At the debate, Trump said he was "not proud" of the controversial comments. "I apologize to my family, I apologized to the American people," the GOP nominee said. However, while explaining he was "embarrassed" by the episode surfacing, he also dismissed the remarks, as "locker room talk" - a characterization that's drawn criticism from many as minimizing the content and disrespectful behavior shown on the tape.
On Saturday, the day after the recording was public, Pence issued a statement on the Trump tape saying that he could "not condone his remarks and cannot defend them." Pence had been scheduled to fill in for Trump at a weekend event in Wisconsin with House Speaker Paul Ryan, after the speaker disinvited Trump, but the governor decided not to go.
As the controversy grew, many Republican officeholders withdrew their support of Trump, with some calling on him to end his White House bid.
Pence apparently is supporting Trump even after one exchange during the debate when Trump openly disagreed with his running mate on Syria.
During Wednesday's speech at Liberty's campus, Pence praised Trump, saying the GOP presidential nominee is someone who "never quits" and "literally embodies the spirit of America."

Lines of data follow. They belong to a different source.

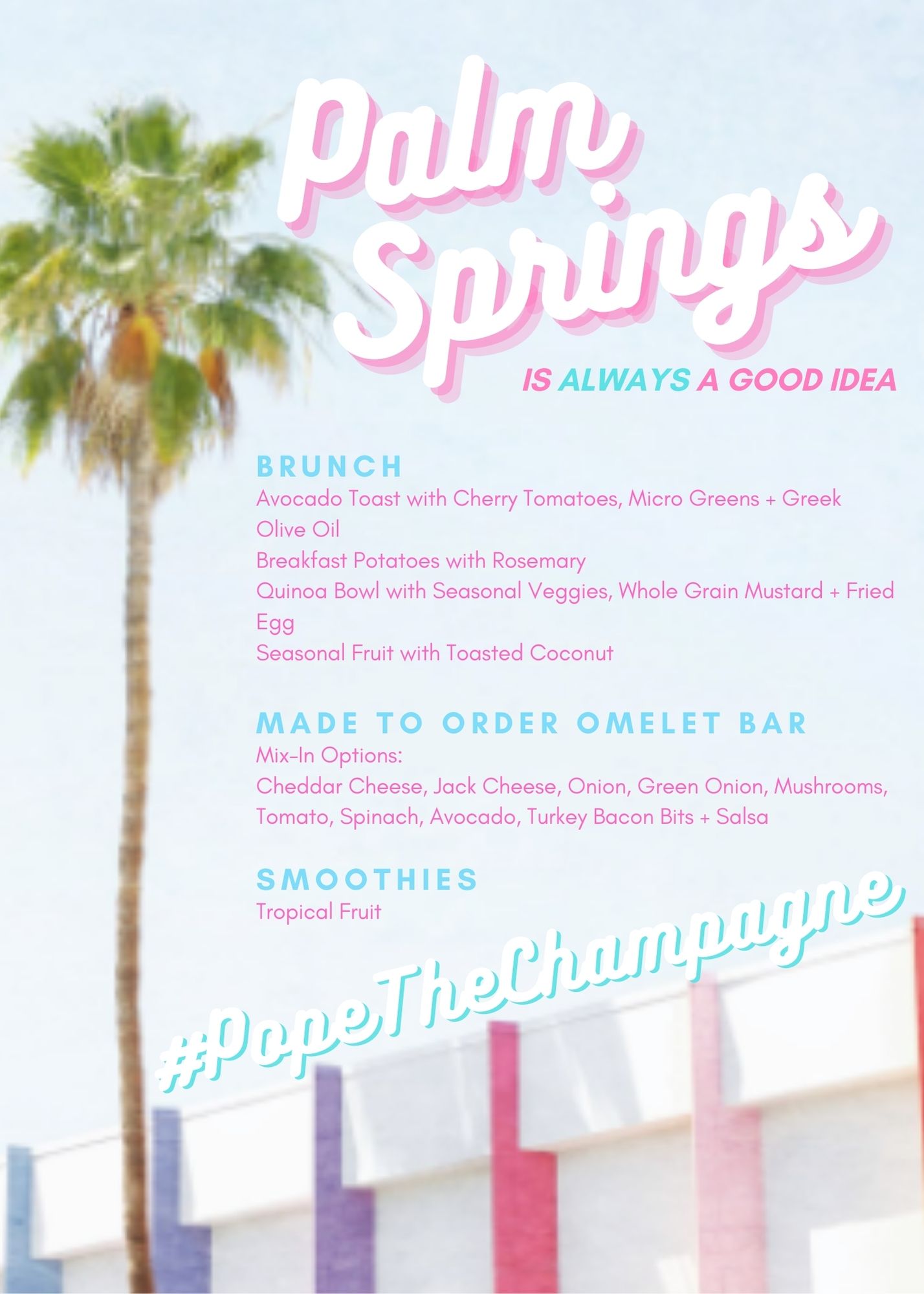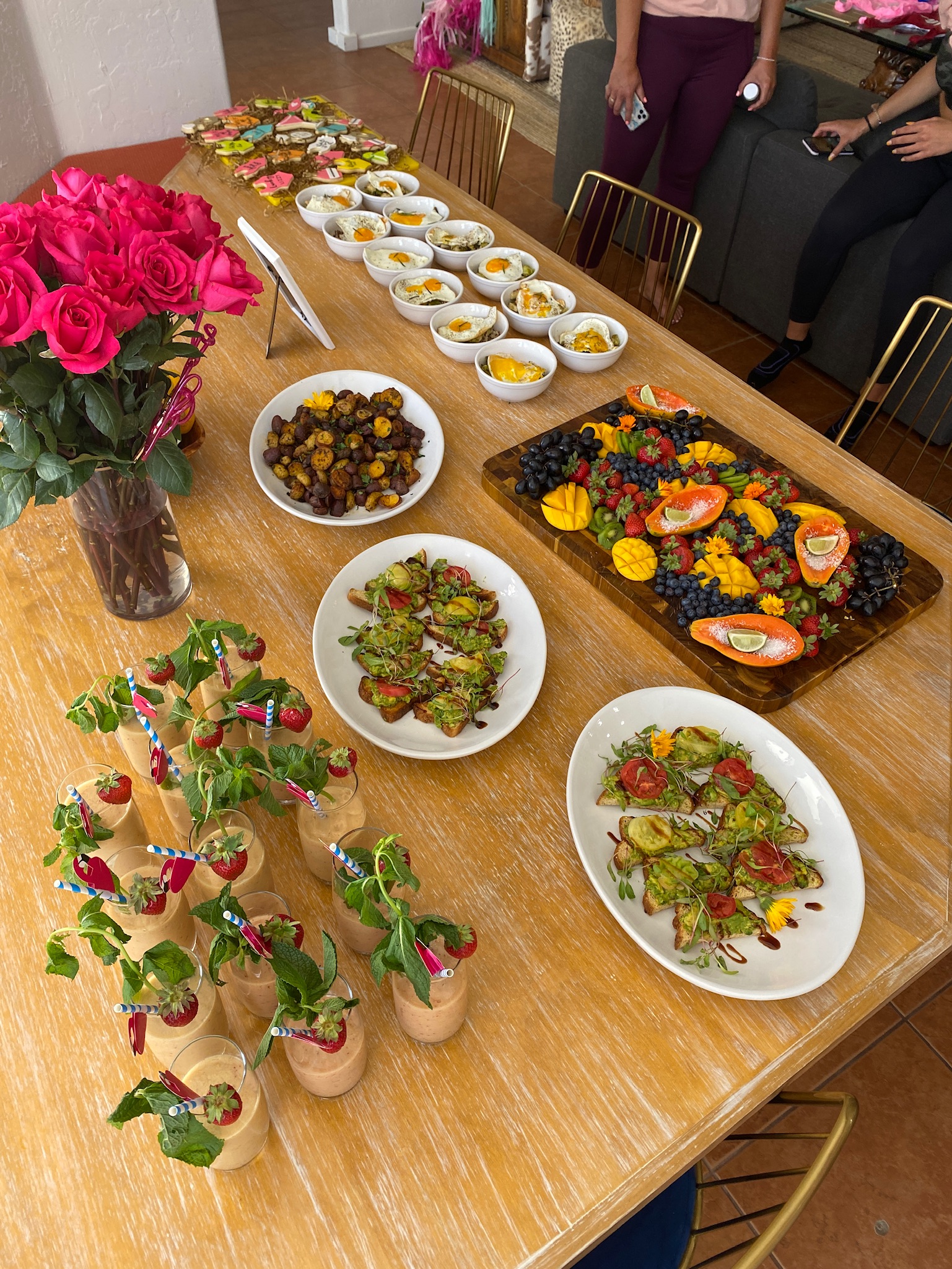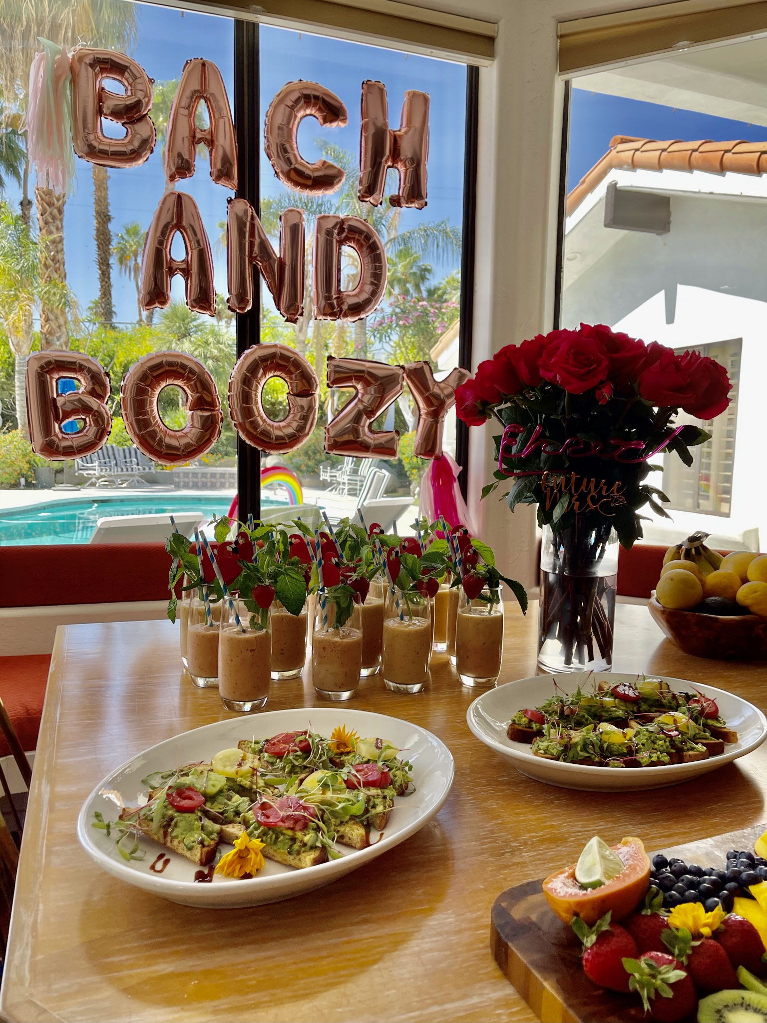 • 9:00am: CHEF LISA (who we hired for the day) prepared an insane brunch spread (menu’s below for the day) and we refueled from the night before. Highly recommend her for any Southern Cali or Palm Springs Bachelorette Party!
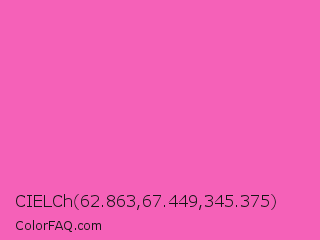 CIELCh 62.863,67.449,345.375 Color is a light magenta color and the nearest color is Hot Pink #ff69b4. Hex code #f561b8 and RGB value is rgb(245,97,184). In RGB color space, this color is composed of 96% red, 38% green, 72% blue, In CMYK color space, this color is composed of 0% cyan, 60% magenta, 25% yellow , 4% black , In HSL color space, this color has a hue angle of 325° , 88% saturation and 67% lightness.
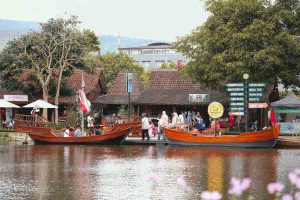 Floating Market Lembang merupakan tempat wisata yang sangat cocok jadi pilihan wisata bersama keluarga. Di dalamnya traveler dapat menikmati berbagai wahana seperti kota mini, penyewaan kostum khas Jepang dan Korea, wahana permainan air, hingga menikmati berbagai kuliner.
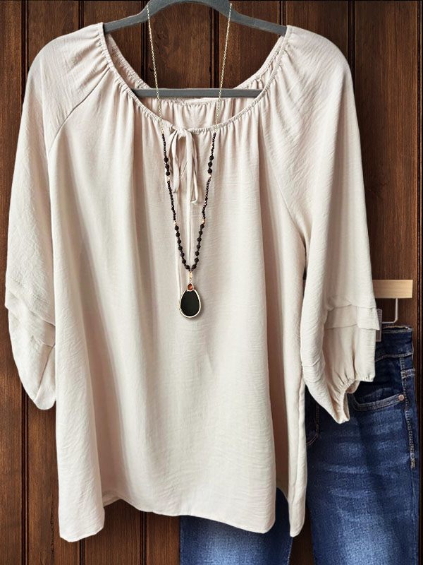 Elevate your everyday look with this soft apricot tie top. The chic tie detail adds a touch of elegance to the flowy, casual silhouette. This top features premium breathable fabric and raglan sleeves for added comfort. Perfect for adding a touch of femininity to your everyday style.
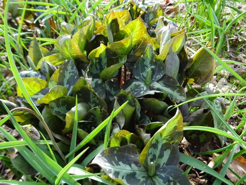 Bei mir schaut schon ein Trillium angustipetalum mit laub aus der erde mein t. nivale kommt gerade erst aus dem boden bis zur blüte dauert das noch vielleicht schaff ich es morgen mal ein foto zu machen

Liberty President Jerry Falwell said he has been impressed with Pence, and recently spoke with him at the vice presidential debate.
"In this time of condescension and, at times, overt hostility to people of faith, we fall into the temptation to recoil and retreat," Pence told Liberty attendees. "But the stakes are too high."
He spotlighted to students he thought this is "a time for faith" and "a time for action."
"If we were perfect, we wouldn't need Jesus," Pence said. "But we are far from perfect. We do need Him. But God's love eclipses our failings, and, as always, renewed the strength of so many in this nation."